The second major creole variety in Australia arose in the Torres Strait Islands where, according to Shnukal (1988: 5), following the discovery of commercial quantities of various products of the sea, large numbers of Europeans, South Sea Islanders, Papua New Guineans and others came to exploit these resources. A common language was required and an existing variety, Pacific Pidgin English, came to be used. Torres Strait Islanders who worked in the marine industries came to use this Pidgin, and by the 1890s it was being used by children of Torres Strait Islander and immigrant origin on one of the islands. Some years later the Pidgin creolized independently on another island. The use of the creoles spread throughout the islands, because they were not only found to be useful but also assumed by many to be English (Shnukal 1991: 183). Torres Strait Creole (or “Broken”, as it is called locally) has around 3,000 native speakers and up to 12,000 second language speakers (Shnukal 1991: 180).
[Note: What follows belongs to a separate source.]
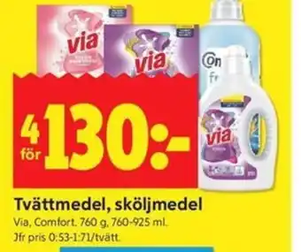 Via, Comfort Tvättmedel, sköljmedel 760 g, 760-925 ml.

The origins of Aboriginal English varieties are diverse. Mühlhäusler (1991: 170) has pointed out that there is evidence for the independent development of pidgins in a number of parts of Australia, and there is thus the possibility that independent Aboriginal English varieties arose in association with these. However, there is also significant evidence of the widespread influence on Aboriginal English in many parts of the country of NSW Pidgin (Malcolm 2001: 212−213). In places where creoles developed, the Aboriginal English varieties show some evidence of having undergone processes of decreolization. They have also been shown to bear clear resemblances to local Aboriginal languages and to non-standard Australian English (Eagleson, Kaldor and Malcolm 1982: 134). Evidence from cognitive linguistic research (Sharifian 2002) supports the view that even varieties which are formally close to Australian English maintain a significantly different conceptual basis. The strong resemblances between Aboriginal English varieties Australia-wide, and their maintenance as distinct from Australian English, suggest that to a large extent convergence has taken place upon an agreed ethnolect.